■ Records provided
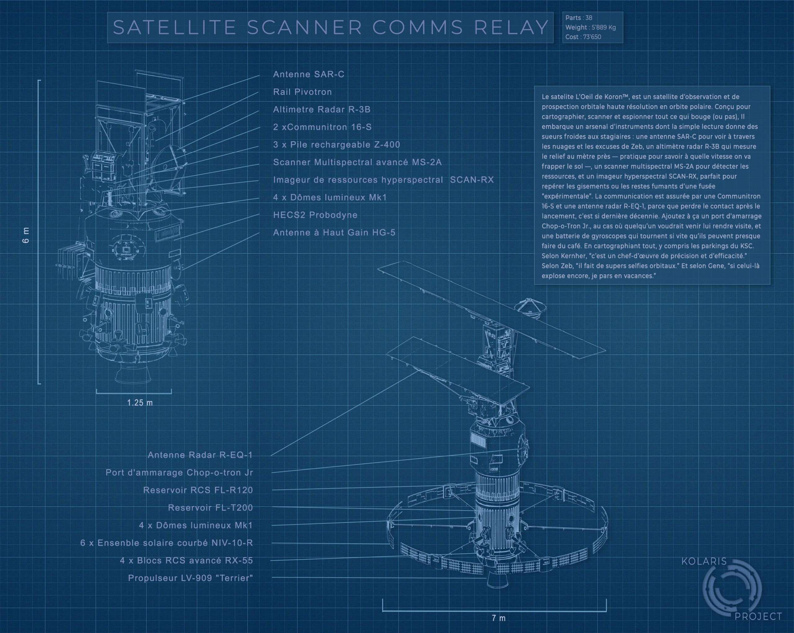 Le satellite embarque une panoplie d’instruments capables de mesurer à peu près tout ce qui existe sur Kerbin : un radar altimétrique R-3B pour modéliser le relief, un scanner multispectral MS-2A pour analyser la nature des sols, un imageur hyperspectral SCAN-RX pour détecter les ressources exploitables, et une antenne de communication haut débit pour transmettre ces précieuses données (et, selon Jeb, quelques vidéos de ses vols “d’essai”).
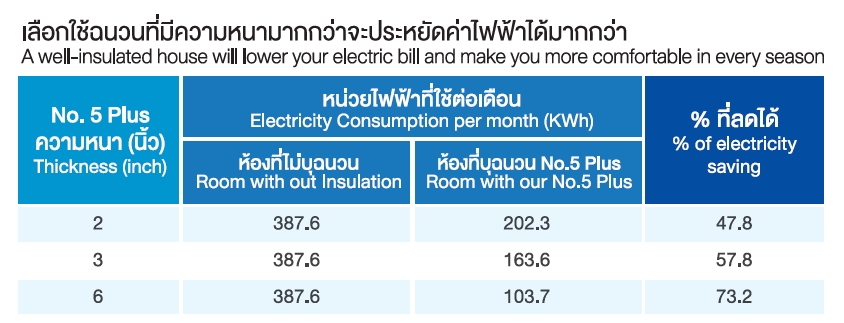 ตัวอย่าง : ติดตั้งฉนวนไมโครไฟเบอร์ เบอร์ 5 plus รุ่น 3 นิ้ว ในห้อง ขนาดพื้นที่ 21 ตรม. ลงทุน 4,800 บาท ประหยัดค่าไฟฟ้าได้เดือนละ 667,50 บาท คืนทุนภายใน ระยะเวลา ประมาณ 7 เดือน
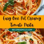 This Easy One Pot Creamy Tomato Pasta is a rich, comforting dish made with pantry staples like crushed tomatoes, broth, and pasta. It cooks all in one pot for minimal cleanup and maximum flavor, making it perfect for a cozy weeknight meal.
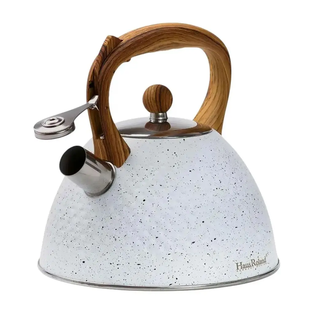 До конца акции 3 дняМеталлический чайник с нержавеющей стали Haus Roland со свистком 3л Белый - Тяжелое дно обеспечивает равномерное распределение тепла
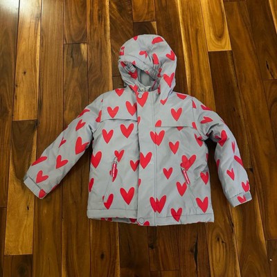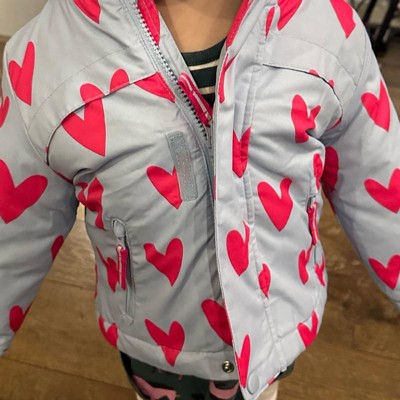 [This review was collected as part of a promotion.] This is an adorable winter jacket for children! My daughter is five and a half years old and the size 5T fit her true to size. The cute bright pink hearts made her instantly love this jacket! It is so warm and fleece lined. The outer jacket unzips from the inner jacket and detaches so that you can also just use the inner jacket in the fall and spring. The bright colors make it easy to see your kids at parks and other public places.

■ Requirement
Everything in the data must be printed verbatim except the pictures.

■ Result of this exercise
 Le satellite embarque une panoplie d’instruments capables de mesurer à peu près tout ce qui existe sur Kerbin : un radar altimétrique R-3B pour modéliser le relief, un scanner multispectral MS-2A pour analyser la nature des sols, un imageur hyperspectral SCAN-RX pour détecter les ressources exploitables, et une antenne de communication haut débit pour transmettre ces précieuses données (et, selon Jeb, quelques vidéos de ses vols “d’essai”).
 ตัวอย่าง : ติดตั้งฉนวนไมโครไฟเบอร์ เบอร์ 5 plus รุ่น 3 นิ้ว ในห้อง ขนาดพื้นที่ 21 ตรม. ลงทุน 4,800 บาท ประหยัดค่าไฟฟ้าได้เดือนละ 667,50 บาท คืนทุนภายใน ระยะเวลา ประมาณ 7 เดือน
 This Easy One Pot Creamy Tomato Pasta is a rich, comforting dish made with pantry staples like crushed tomatoes, broth, and pasta. It cooks all in one pot for minimal cleanup and maximum flavor, making it perfect for a cozy weeknight meal.
 До конца акции 3 дняМеталлический чайник с нержавеющей стали Haus Roland со свистком 3л Белый - Тяжелое дно обеспечивает равномерное распределение тепла
 [This review was collected as part of a promotion.] This is an adorable winter jacket for children! My daughter is five and a half years old and the size 5T fit her true to size. The cute bright pink hearts made her instantly love this jacket! It is so warm and fleece lined. The outer jacket unzips from the inner jacket and detaches so that you can also just use the inner jacket in the fall and spring. The bright colors make it easy to see your kids at parks and other public places.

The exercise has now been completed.